RNA-seq and ChIP-seq data quality were assessed with FastQC v0.11.3. Adapter sequences and low-quality data were filtered and excluded. Quality reads of RNA-seq and ChIP-seq were mapped to human genome hg19 by TopHat v2.0.9 and Bowtie v2 software respectively, and only uniquely mapped reads were subjected to further analyses. Sam files were converted to Bam files with Samtools v1.8. Bam format files were used for peak calling with MACS v2.1.0 software using default parameters. The input sample was the control and the initial threshold q-value of 0.05 was the cutoff value. The output of the peak files was converted to bigwig files and viewed using IGV software. Meta plots and heatmaps were produced by deeptools. Motif analysis was conducted with Homer v4.1.5. The differential analysis was performed using R package “EdgeR”, and the screening criteria for significantly different genes were p-value < 0.05 and |log2FC | >1.

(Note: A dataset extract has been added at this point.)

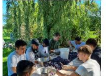
Biodiversität, Klimaschule, Nachhaltigkeit
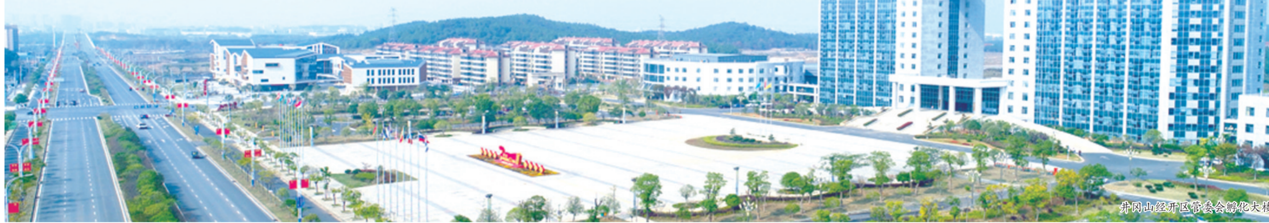
井冈山经开区管委会孵化大楼

放眼“十四五”，井冈山经开区提出，要全力打造“革命老区开发区改革创新示范区”，预计2021年营业收入突破1000亿元，财政总收入增长10%，突破30亿元。力争到2025年，营业收入突破2000亿元，财政收入力争突破50亿元，综合考核评价进入国家级经济技术开发区优秀行列。东方风起，未来已来。井冈山经开区人正以自强不息的磅礴动力，通过改革激发创新，创新引领发展，拥抱全新未来。

Immunofluorescent staining

The cell coverslips were washed with PBS three times and fixed with 4% paraformaldehyde. Membrane permeation was performed using 0.25% Triton X-100 (diluted in PBST). Cells were incubated in primary antibodies at 4 °C overnight. After removing the primary antibodies, cells were incubated in the secondary antibodies of the same species as the primary antibodies for 1 h in the dark condition. Following nuclear staining by DAPI, the coverslips were sealed and observed under the fluorescence microscope. The primary antibodies include: CFP1 (1:500, ab198977) and H3K4me3 (1:500, ab12209). The secondary antibodies include anti-rabbit IgG (H + L), F(ab’)2 Fragment (Alexa Fluor® 488 Conjugate) (1:1000, CST #4412) and anti-mouse IgG (H + L), F(ab’)2 Fragment (Alexa Fluor® 594 Conjugate) (1:1000, CST #8890).

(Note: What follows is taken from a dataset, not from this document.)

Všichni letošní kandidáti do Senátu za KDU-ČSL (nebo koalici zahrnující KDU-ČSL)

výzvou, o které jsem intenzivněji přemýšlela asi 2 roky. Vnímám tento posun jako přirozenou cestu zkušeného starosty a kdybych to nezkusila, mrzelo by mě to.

The Tunel staining of paraffin sections of mouse tumor tissues was conducted according to the kit instruction (Servicebio G1504). Briefly, the sections were dewaxed in xylene, gradient Ethanol solution (100%, 90%, 70%), and distilled water. Sections were covered in Proteinase K (20 μg/mL) solutions and incubated for 30 min at 37 °C. Then 0.5% Triton X-100 was used for permeation. Tunel stain solution was prepared according to the manufacturer’s protocol and added to sections incubating for 60 min at 37 °C. After the DAPI staining, sections were observed with a fluorescence microscope (Nikon eclipse C1).

In vivo studies

Female BALB/c nude mice (6-week-old) were purchased from Huafukang Bioscience (Beijing, China). Mice were housed in a specific pathogen-free animal facility. 2 × 106 H1975 cells were resuspended in 100 μL PBS and subcutaneously injected into the flanks of mice (n = 5 for each group). Mice were euthanized and tumors were stripped until the longest diameter was up to 15 mm. The tumor volume was calculated by: V = L × W2 × 0.5 (L = longest diameter and W=shortest diameter). The lung metastasis model was established by injecting tumor cells into mouse tail veins (n = 5 for each). Lung tissues were removed after 6 weeks.

Statistical analysis

Pearson correlation coefficient was calculated in correlation analyses. Two-tailed unpaired Student’s t-test was used for comparison between the two groups. Multiple groups were compared using one-way ANOVA. All data were represented as mean ± SD or mean ± SEM. P-value < 0.05 was considered statistically significant. R version 4.0.5 and GraphPad Prism v8 were used for data analysis.